* Required work
All lines from the one containing "đi sơ tán. |" through the end of the data below are to be repeated exactly, with pictures left out.

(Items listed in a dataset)
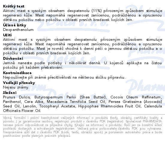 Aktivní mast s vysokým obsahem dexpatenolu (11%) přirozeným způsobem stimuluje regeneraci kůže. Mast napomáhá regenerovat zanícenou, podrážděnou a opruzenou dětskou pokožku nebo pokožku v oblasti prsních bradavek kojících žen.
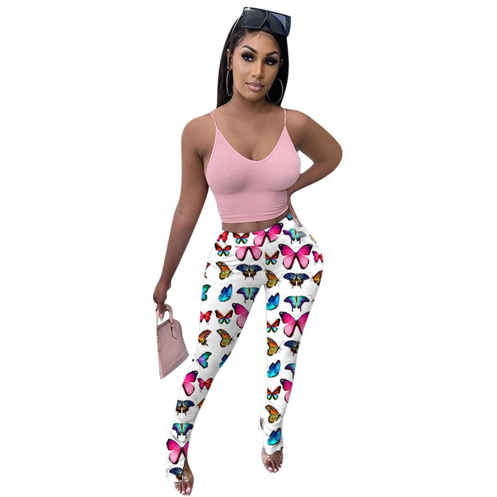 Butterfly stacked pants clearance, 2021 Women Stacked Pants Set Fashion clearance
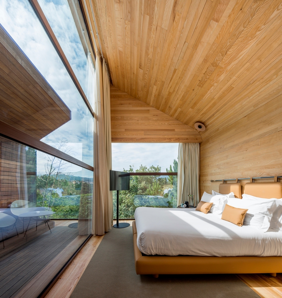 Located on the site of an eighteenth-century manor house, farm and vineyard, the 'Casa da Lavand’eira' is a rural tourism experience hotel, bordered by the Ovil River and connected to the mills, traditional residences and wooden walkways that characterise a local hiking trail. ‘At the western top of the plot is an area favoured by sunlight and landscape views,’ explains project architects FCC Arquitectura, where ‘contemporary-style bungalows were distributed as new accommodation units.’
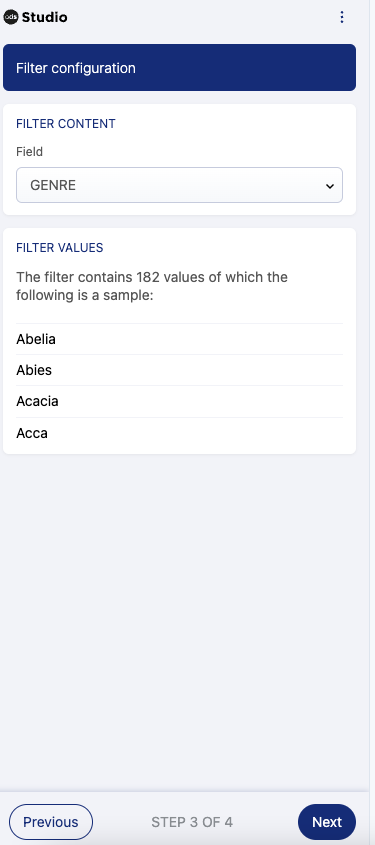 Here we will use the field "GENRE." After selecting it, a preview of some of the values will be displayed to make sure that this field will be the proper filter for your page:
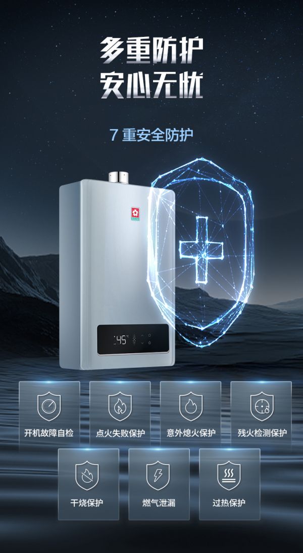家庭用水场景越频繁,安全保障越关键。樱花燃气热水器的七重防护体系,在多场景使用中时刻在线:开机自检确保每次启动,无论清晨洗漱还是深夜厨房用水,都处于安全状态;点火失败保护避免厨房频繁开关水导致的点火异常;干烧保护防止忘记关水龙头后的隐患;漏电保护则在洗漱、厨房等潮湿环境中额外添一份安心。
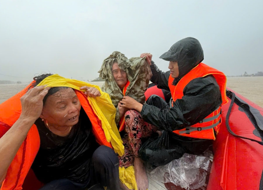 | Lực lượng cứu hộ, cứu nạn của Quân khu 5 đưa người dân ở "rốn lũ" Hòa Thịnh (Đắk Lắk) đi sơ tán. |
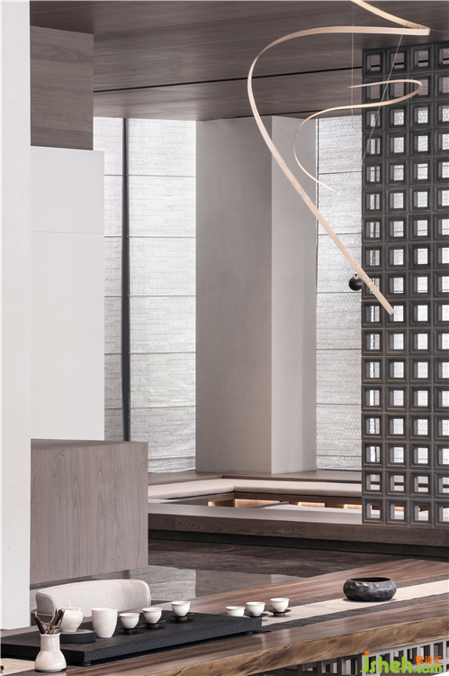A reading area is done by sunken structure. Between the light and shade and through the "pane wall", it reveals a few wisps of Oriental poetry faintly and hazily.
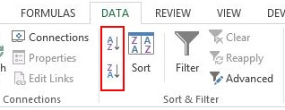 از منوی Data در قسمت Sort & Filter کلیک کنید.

* Solution
 | Lực lượng cứu hộ, cứu nạn của Quân khu 5 đưa người dân ở "rốn lũ" Hòa Thịnh (Đắk Lắk) đi sơ tán. |
A reading area is done by sunken structure. Between the light and shade and through the "pane wall", it reveals a few wisps of Oriental poetry faintly and hazily.
 از منوی Data در قسمت Sort & Filter کلیک کنید.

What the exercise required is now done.